GD, we could, imagine it for just a moment, ignore the catalogue of shameful idiocy from the Abbott govt, and settle, even if for just a few days, on the 4 Corners Job Network programme.
DeleteTherein, writ large is the abject idiocy and patent lack of initiative or vision of every govt since the decision to privatise the employment sector. It's a great tap leaking cash to grey, anonymous corporates for nothing but patting people on the head, and faking documents.
IT needs a Senate enquiry, not pink batts, not JG, not Triggs - IT needs a Senate enquiry to make the facts clearly visible to anyone that pays taxes.
GD, with respect, you overlook two things: 1) unemployment is reckoned a necessary component of their financial system; 2) where the Krudds got their government contracted rentier employment agency millions. Regarding that first point, the reserve bank has two targets to keep within mandated ranges: inflation and unemployment. They suppose that higher unemployment keeps inflation down.

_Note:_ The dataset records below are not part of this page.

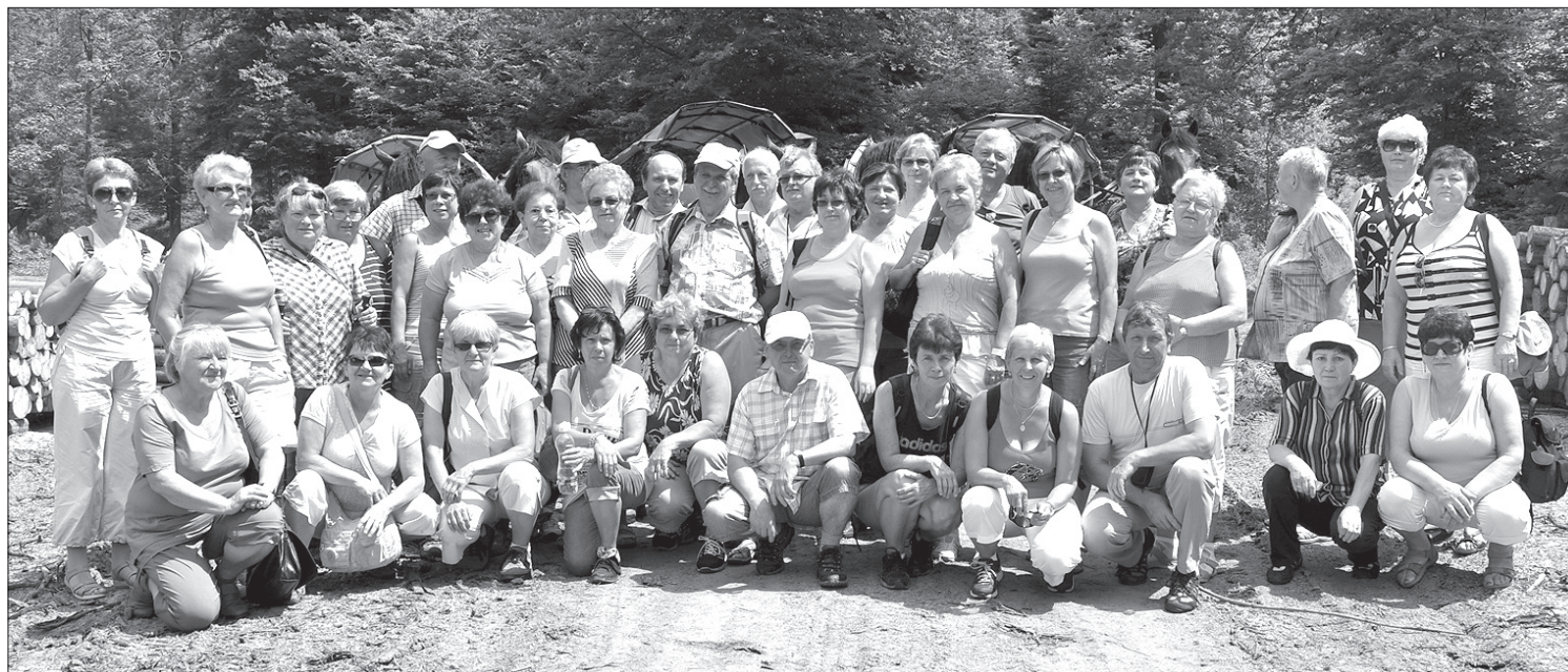
Podczas wycieczki do źródeł Olzy nie mogło zabraknąć wspólnej fotografii.
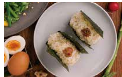
アージョのおにぎり 264 (290 税込) 具なし / のり付 具あり / のり付 (梅 or ちりめんじゃこ or 鮭) 291 (320 税込)
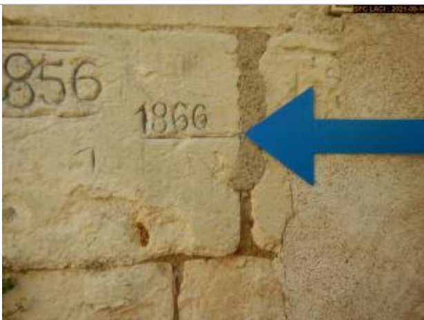
Vue du repère rapprochée en 2021

Système altimétrique : NGF IGN 1969 (système normal)
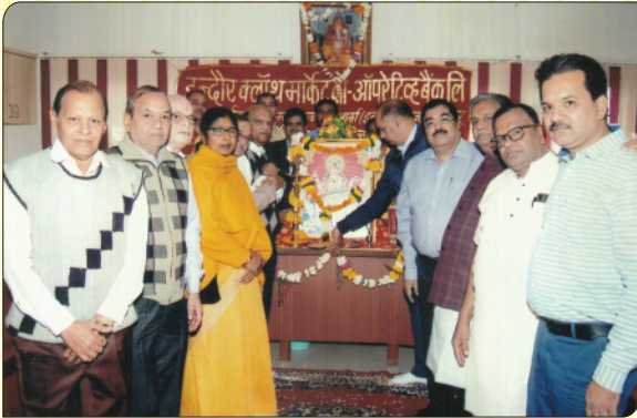
बैंक के स्थापना दिवस पर दीप प्रज्ज्वलित करते हुए अध्यक्ष, उपाध्यक्ष एवं संचालकगण
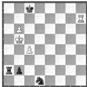
Weiss zieht und gewinnt

«Deutsches Wochenschach», 1900 (Korrektur von Mario García, 2008)
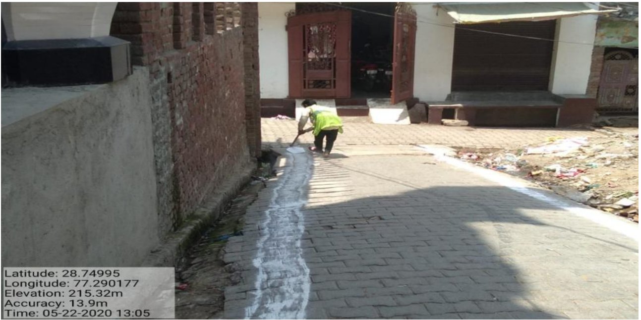
Latitude: 28.74995 Longitude: 77.290177 Elevation: 215.32m Accuracy: 13.9m Time: 05-22-2020 13:05
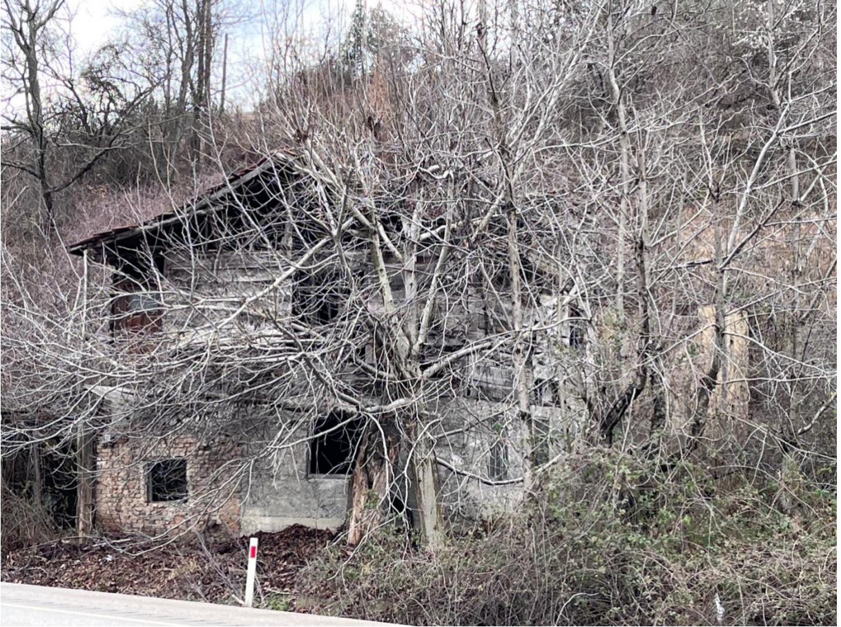
Resim 2. Su değirmeni. Değirmen yakın zamanlar kadar işletilmekteymiş. Konum: 41,01383° N, 32,62576° E.

yanı ise Sat Köy(?) ile dağ ve bir değirmene kadar ulaşmaktadır 15 (Babuçoğlu & Özdi, 2022, s. 26). (Bakınız Resim 2).
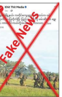
နိုင်ငံပြင်ကြောင်း အသိပေးကြေညာထားသည်။ သတင်းစဉ်

လုံခြုံရေးတပ်ဖွဲ့ဝင်များကို လက်နက်ကြီး၊ လက်နက်ငယ်များဖြင့် လာရောက်ပစ်ခတ်တိုက်ခိုက်ခဲ့ရာ အပြန်အလှန် ပစ်ခတ်မှုများဖြစ်ပွားခဲ့ပြီး အကြမ်းဖက်သမားများ အရှေ့မြောက်ဘက်သို့ ဆုတ်ခွာထွက်ပြေးသွားခဲ့ပါသည်။ ထို့ကြောင့် ပြည်သူများအနေဖြင့် အကြမ်းဖက်မှုဖြစ်စဉ်များ လျော့နည်းပပျောက်ရေးအတွက် အကြမ်းဖက်သမားများ၏ သတင်းများရရှိပါက နှိုးစပ်ရာလုံခြုံရေး တပ်စခန်းများနှင့် လုံခြုံရေးတပ်ဖွဲ့ဝင်များထံ လျှို့ဝှက်စွာ သတင်းပေးတိုင်ကြား
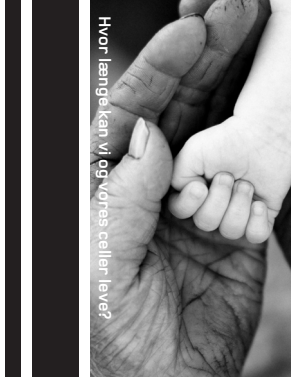
Hvor længe kan vi og vores celler leve?
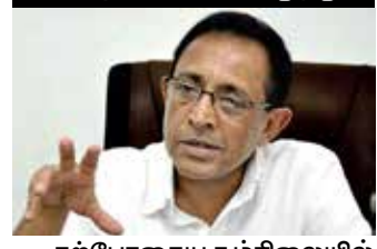
தற்போதைய சூழ்நிலையில் அரசு அதிகாரிகள்
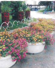
学校緑化部門 立花南小学校 様

Of course it's all armchair stuff based on assumptions plucked from thin air, but it suits the ruling class to have cheap desperate labour and cheaper acquisitions.
Deletevc, there'll never be a Senate initiated enquiry, at the least I shan't be holding my breath... the neoliberal COALition and Labour parties are owned and dictated to by the one percenters.
In another thirty years when Australia drops well beneath the top 20 OECD economies, as predicted in the recent PWC report, there still will not be such a Senate enquiry, however I expect a few onepercenters and their apparatchicks shall adorn the odd lamp post after that transition and the consequent mob initiated enquiry.